陈祈西闭着眼,呼吸速度还算平稳。
他有一句说对了。
他出事了,她逃不掉。
贺喃思量着那通电话应该是叫的医生,不然他总不能等死,低头看着指腹上鲜艳的血几秒,没再管它,疲惫爬满了每条神经。前所未有的平静弥漫在脑海,好像整个人都被抽离了一样。命运一贯都把人当猴耍,她的人生更甚。
贺喃面无血色地望着地上的钱,自嘲地放松了僵硬的肩膀。没多久,门外出现新的脚步声,紧接着隔间的门就打开。一位带着医用口罩的中年男人跨门进来,平头,衣着干净。他没搭理谁,动作利索地放下药箱,问都没问就去处理伤口。刀具碰撞,浓烈的消毒水味散开。
贺喃没往哪看,听着男生沉沉的呼吸,嗅着空气中的血气,只觉得这里处处都是细菌。
他们也不怕感染了。
快一个小时过去。
中年男人收拾着东西,拎了一袋子药扔给陈祈西,还有一句:“明儿来我那打破伤风。”
他拎起药箱上带子,瞥眼角落里侧对他们的女孩,“别仗着年轻不要命,老了有你受的罪。”

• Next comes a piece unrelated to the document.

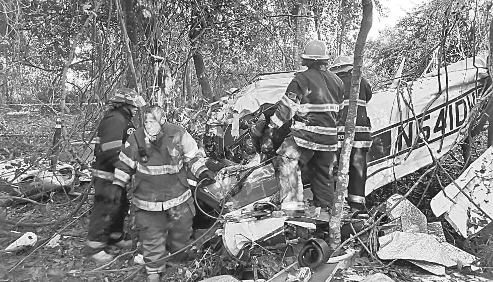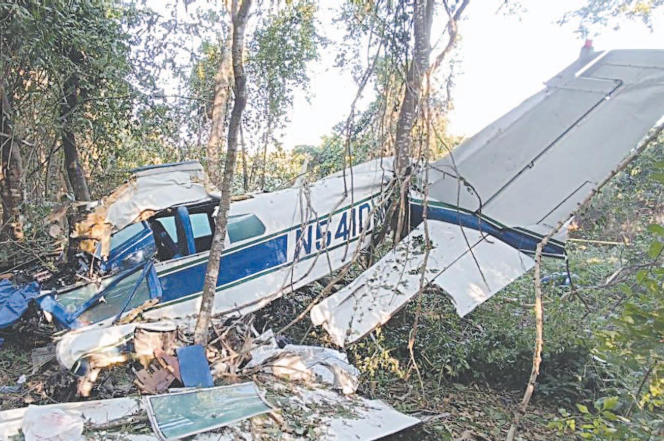 En las imágenes compartidas por la dependencia, se muestra cómo los elementos de rescate se encuentran en el punto donde el aeroplano se estrelló y se partió por la mitad en una zona con mucha maleza.

陈祈西腰腹缠了一圈纱布,隐隐透血,块垒分明的腹肌轻轻浮动。他没什么劲儿地嗯了声,鬓角发间豆大的汗珠子直往下滑,顺着颈侧落入锁骨。
门响了一声,隔间又回到只有两人的紧迫感。贺喃已经冷静了,她吞咽几下抽开干涩的喉咙。“多少钱?”
陈祈西缓缓抬了抬眼皮,没朝她看,像是缓过来了一样,起身套上衣服,往外走的同时拽住贺喃的手腕,不给她挣的机会。“如果我死了,你得坐多少年牢?”
威胁。
纯威胁。
靠近他就没好事,贺喃慢慢抬高脖子,转头朝那边看去。他左手拎着一袋子药,冷硬的眉上贴着纱布,掀开发肿的眼皮,漆黑的眼直勾勾盯她。
“打死他,快打啊!”
几个字仍然在咆哮,光线极冷,打在一高一矮的肩膀上,煽动着人心最脆弱的角落。
“你想要什么。”
贺喃清泠泠地回视,声音微哑。
站久了小腿不适,她隐忍着,同样掩饰内心的不安与焦虑。陈祈西没动,没接话,眼底一点反应都没,只是动了动手指,装着药的塑料袋哗啦啦地响。
“我想要你"和"我要你”在脑海里反复循环。贺喃拧紧了眉头,呼吸又有点不平稳,眼神偏要淡淡地看他。满脸没一处好皮,青紫淤青连成片,明明像个落败的凶兽。偏偏身型挺拔,肩膀宽阔,劲瘦腰身包裹在衣下,丝毫看不出来他哪受了伤。
她压住绝望,“为什么?”
陈祈西眼梢挟冷,黑眸寡淡,轻嗤一声,没理会她的问题,反而是很没所谓的浑球样儿。
他拿出烟,倒一根出来,在盒外磕两下,低头含住,打火机咔擦冒出火焰,在他指节上嘹亮,溅到贺喃鼻尖一点,他抽了一口缓疼,开口时嗓子有几分沙哑,“贺喃,我没什么耐心。”
“给你三秒钟。”
他眼皮垂下,缓缓地呼出烟雾,冷淡地立在她跟前,静默无声地抽。烟味冷冽混沉的味道飘到贺喃的鼻腔内,她顾不上嫌弃二字。火光忽闪忽闪,一根烟快燃尽。
陈祈西抬步离开隔间,朝电梯走,贺喃用力捏紧手。她没办法。
再恨也只能狼狈地跟着他。
一前一后跨出电梯,走入茫茫寂静的雪夜,猛烈的狂风不客气地吹,出租车守着门口,等人上车,司机打转方向盘开出去。贺喃坐的离他老远,单薄的侧颜浸在暗处。另外一边,陈祈西懒懒散散坐着,冷硬的眉头微泛着戾气。夜色里的两扇窗口映着两张不分伯仲的脸,一倦冷,一颓败。十分钟左右,出租车缓停。
陈祈西开门下车,钻来的冷风吹了贺喃满身,她清明不少。开门下了车,顺手拉上帽子。